John Tulin, President of SWANK INC reported increased net sales and improved operating results for the Company's first quarter ended March 31, 2006:
The Company's net income for the quarter ended March 31, 2006 was $24,000 compared to a net loss of $871,000 for the corresponding quarter last year. Last year's net loss included a non-recurring gain of $75,000 related to the termination of the lease on the Company's former Norwalk, Connecticut belt manufacturing facility. Net sales for the quarter increased 15 percent compared to the prior year due mainly to higher sales of both the Company's men's jewelry and belt merchandise.

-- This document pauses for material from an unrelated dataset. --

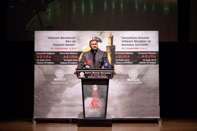 Ardından Türkiye Caferi Lideri Selahattin Özgündüz konuştu. Konuşmasına dualarla başlayan Özgündüz, Hz. Hüseyin ve beraberindekilerin Kerbala'da şehit edildiğini anlatarak, Allah bize gerçek İslam'ı, Kuran'ın İslamı'nı yaşamayı nasip etsin. Allah bize Hüseyin'e ağlamanın yanı sıra Hüseyin'i anlamayı nasip etsin" dedi.Tören, Zeynebiye Gençlik Tiyatrosu'nun Masumluğun galibiyeti" adlı oyunuyla sona erdi. Demirtekin'in yaptığı Kerbela Şehitlerinin 1376. yıldönümü anma töreni, Ehli Beyt alimlerinden Ş.Ehed Talan'ın Kur'an-ı Kerim tilaveti ile başladı.
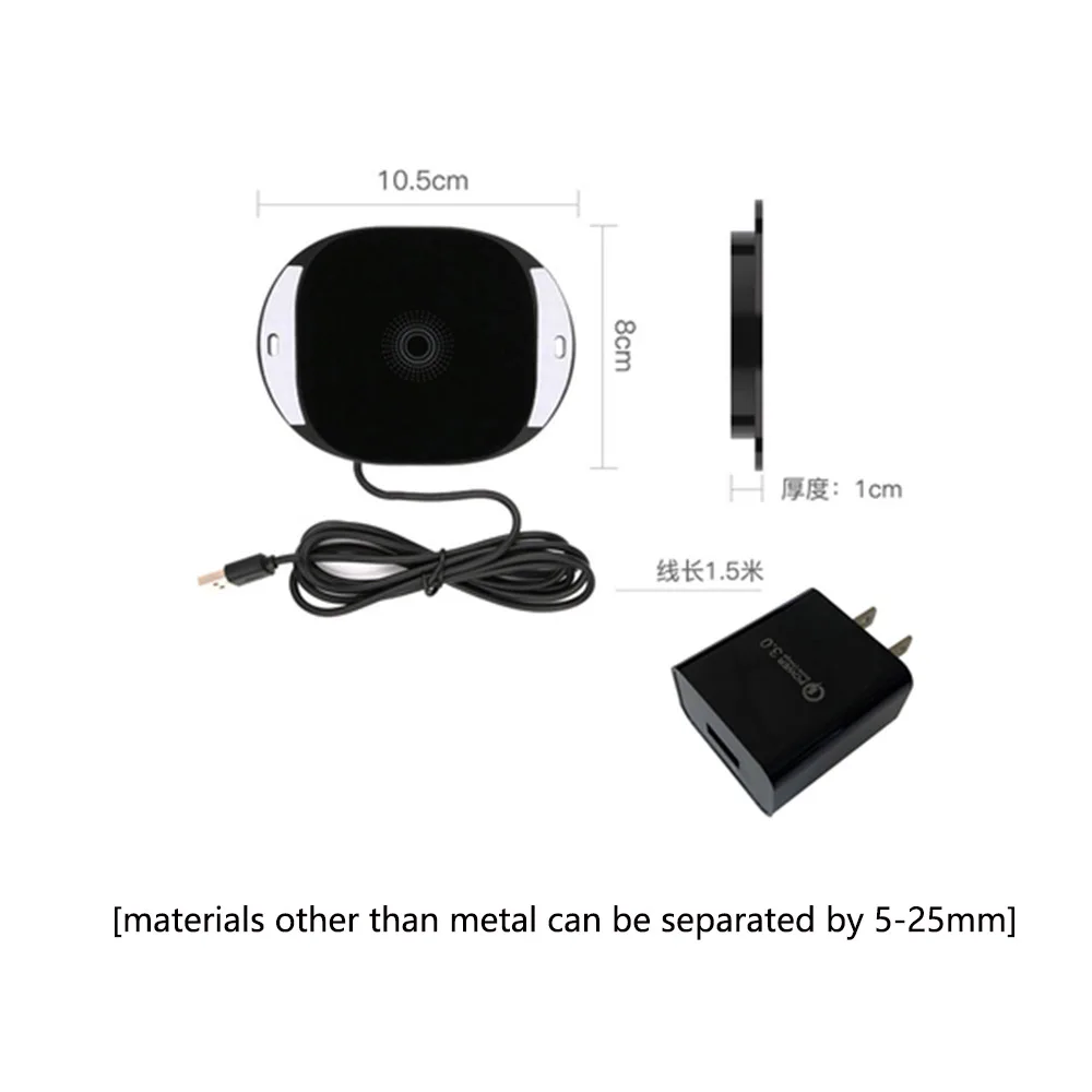 2. Расстояние между мобильный телефон и катушка может быть 5-25 мм, который не изготовлен из металла или магнитных материалов (таких как дерево, камень, пластик, акрил, стекло и т. Д.), И может достигать 30 мм без разделения

Mr. Tulin continued, "Our belt business also performed well during the quarter. Net sales of our belt merchandise increased 18% due mainly to higher sales of private label collections to a variety of retailers and the continued strong performance of our Kenneth Cole collections. With a successful first quarter behind us, we are working on a number of new opportunities and look forward to the launch of new merchandise later this year associated with our new Nautica, Donald Trump, and Ted Baker licenses."
Net sales for the quarter ended March 31, 2006 increased $2,924,000 or 15% compared to the quarter ended March 31, 2005. The increase during the quarter was principally due to higher jewelry and belt net sales offset in part by a decrease in men's personal leather goods net sales. Net sales of our jewelry merchandise increased56 percent during the quarter compared to the prior year mainly due to additional shipments of both branded and private label collections.